- Your instructions -
Copy the listing exactly; drop the pictures.

━━ Given data

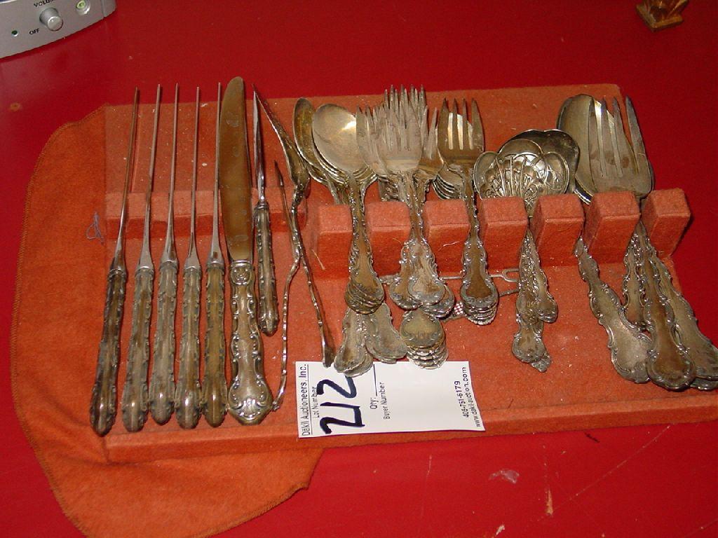 GORHAM STERLING SET OF ANTIQUE SILVERWARE W/SERVING PIECES
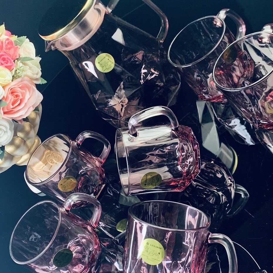 Набор: кувшин-заварник 1,9 л и 6 кружек 350 мл Кувшин-заварник с крышкой можно использовать как для горячих, так и холодных напитков. Выполнен из жаропрочного термостойкого боросиликатного стекла, его можно нагревать на газовой, электрической плите и кипятить в нём воду, подогревать напитки. Кувшин-заваник с золотой крышкой и фильтром. Чайник кувшин можно использовать для заваривания чая, трав. Материал: боросиликатное стекло Нельзя мыть в посудомоечной машине. Мыть мягкой губкой без абразивных средств.
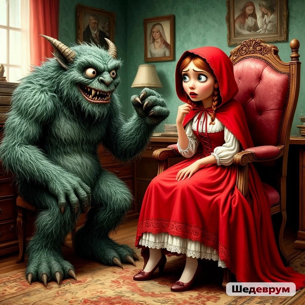 Часть 3 В офисе было оживлённо, не каждый день чудовище невиданное в платье на допрос приводят. - Так, Чудище проклятое, зачем тебе нужна была Красная шапочка и зачем её платье надело? Илья Муромец замахнулся кулаком жахнуть о зеркальную столешницу для большего эффекта, но, увидев круглые глаза Василисы, вовремя опомнился. Чудище сидело на стуле и... тряслось от страха, ножки стула и зубы выбивали такт одновременно. Оно чуть слышно пискнуло: «Я не чудище, я...» Дальше были всхлипы и подвывание. Бабушка не знала, куда деться от радости, пирожков внучке напекла, варенья вишнёвого наварила. Да только внучка сидела в углу на стуле, категорически отказываясь переодеваться в другую одежду и разговаривать. «Стресс у деточки», — решила бабуля, хлопоча дальше по хозяйству. Василиса, посовещавшись с Марфой, решили обратиться к Яге, подозревая, что что-то тут нечисто. Отправили к ней ворона, старая так и не научилась пользоваться мобильным. Через час Яга была на пороге офиса, завод
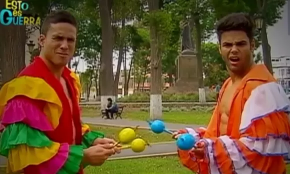 Ambos competidores de Esto es Guerra hicieron gala de sus mejores pasos y con maracas en mano desataron las risas y los aplausos del público que se reunió para verlos.

━━━━

- Task answer -
 GORHAM STERLING SET OF ANTIQUE SILVERWARE W/SERVING PIECES
 Набор: кувшин-заварник 1,9 л и 6 кружек 350 мл Кувшин-заварник с крышкой можно использовать как для горячих, так и холодных напитков. Выполнен из жаропрочного термостойкого боросиликатного стекла, его можно нагревать на газовой, электрической плите и кипятить в нём воду, подогревать напитки. Кувшин-заваник с золотой крышкой и фильтром. Чайник кувшин можно использовать для заваривания чая, трав. Материал: боросиликатное стекло Нельзя мыть в посудомоечной машине. Мыть мягкой губкой без абразивных средств.
 Часть 3 В офисе было оживлённо, не каждый день чудовище невиданное в платье на допрос приводят. - Так, Чудище проклятое, зачем тебе нужна была Красная шапочка и зачем её платье надело? Илья Муромец замахнулся кулаком жахнуть о зеркальную столешницу для большего эффекта, но, увидев круглые глаза Василисы, вовремя опомнился. Чудище сидело на стуле и... тряслось от страха, ножки стула и зубы выбивали такт одновременно. Оно чуть слышно пискнуло: «Я не чудище, я...» Дальше были всхлипы и подвывание. Бабушка не знала, куда деться от радости, пирожков внучке напекла, варенья вишнёвого наварила. Да только внучка сидела в углу на стуле, категорически отказываясь переодеваться в другую одежду и разговаривать. «Стресс у деточки», — решила бабуля, хлопоча дальше по хозяйству. Василиса, посовещавшись с Марфой, решили обратиться к Яге, подозревая, что что-то тут нечисто. Отправили к ней ворона, старая так и не научилась пользоваться мобильным. Через час Яга была на пороге офиса, завод
 Ambos competidores de Esto es Guerra hicieron gala de sus mejores pasos y con maracas en mano desataron las risas y los aplausos del público que se reunió para verlos.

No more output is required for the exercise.